Recently, a comment showed up on Vox Nova signed by Judie Brown, linking to the American Life League.  We have no reason to doubt that she left the comment, though we did attempt to contact her to verify.  She did not return our emails.  The comment is regarding M.Z.’s post on EWTN’s cowardice in not condemning torture and not affirming the clear teaching of the Catholic Church.

I am posting Brown’s comment in full along with my own interpolations:

Dear Friends and Foes, Torture of prisoners can be approved in some cases when there are specific reasons for doing so, but my belief is that in the case of torture, we have to examine first and foremost the case of the innocent preborn child. His limbs can be ripped off and noone calls that torture. His head can be crused with forceps and noone calls that torture.

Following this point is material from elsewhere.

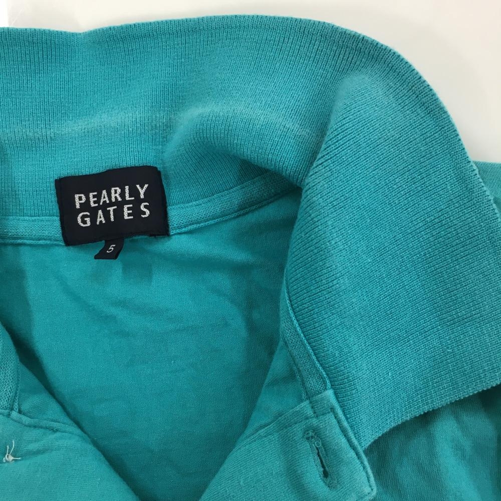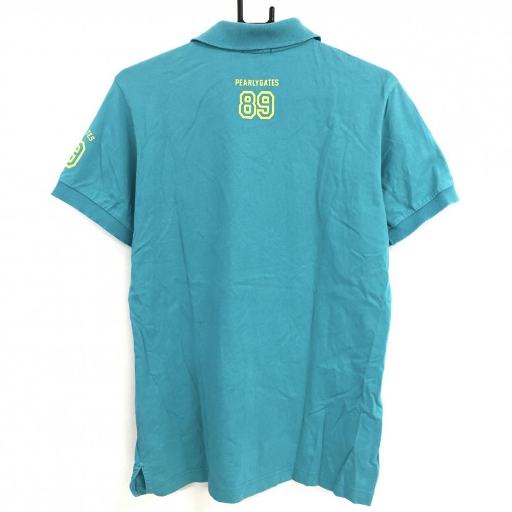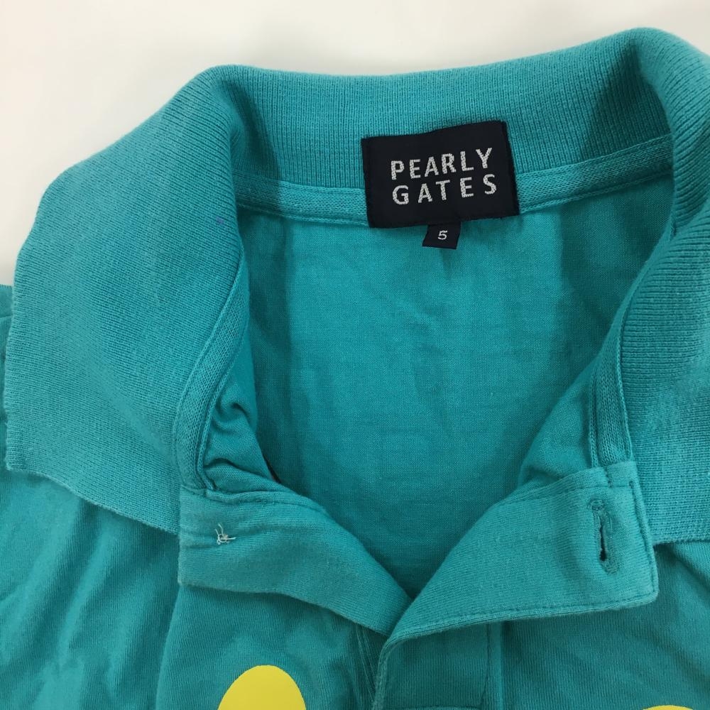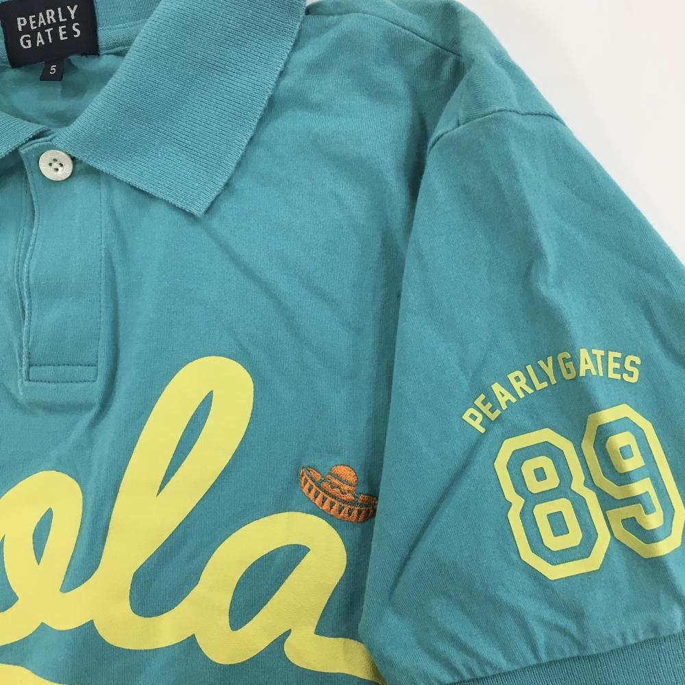 パーリーゲイツ 半袖ポロシャツ ライトグリーン×イエロー フロントプリント メンズ 5(L) ゴルフウェア サンプル品 PEARLY GATES

I am not sure who Judie Brown’s foes are at Vox Nova or why she feels compelled to presume that there are, indeed, persons inimical toward her here. In fact, we have had a link to the American Life League since the Vox Nova was first initiated, and we certainly have made no effort to conceal it (it occupies the top place in our alphabetical list of Catholic Organizations, Institutes and Ministries in the right sidebar).

More apropos of the matter at hand, I want to direct your attention to the very first line of Brown’s comment. She affirms unequivocally that torture of prisoners (i)can be approved in (ii)some cases when there are (iii)specific reasons for doing so.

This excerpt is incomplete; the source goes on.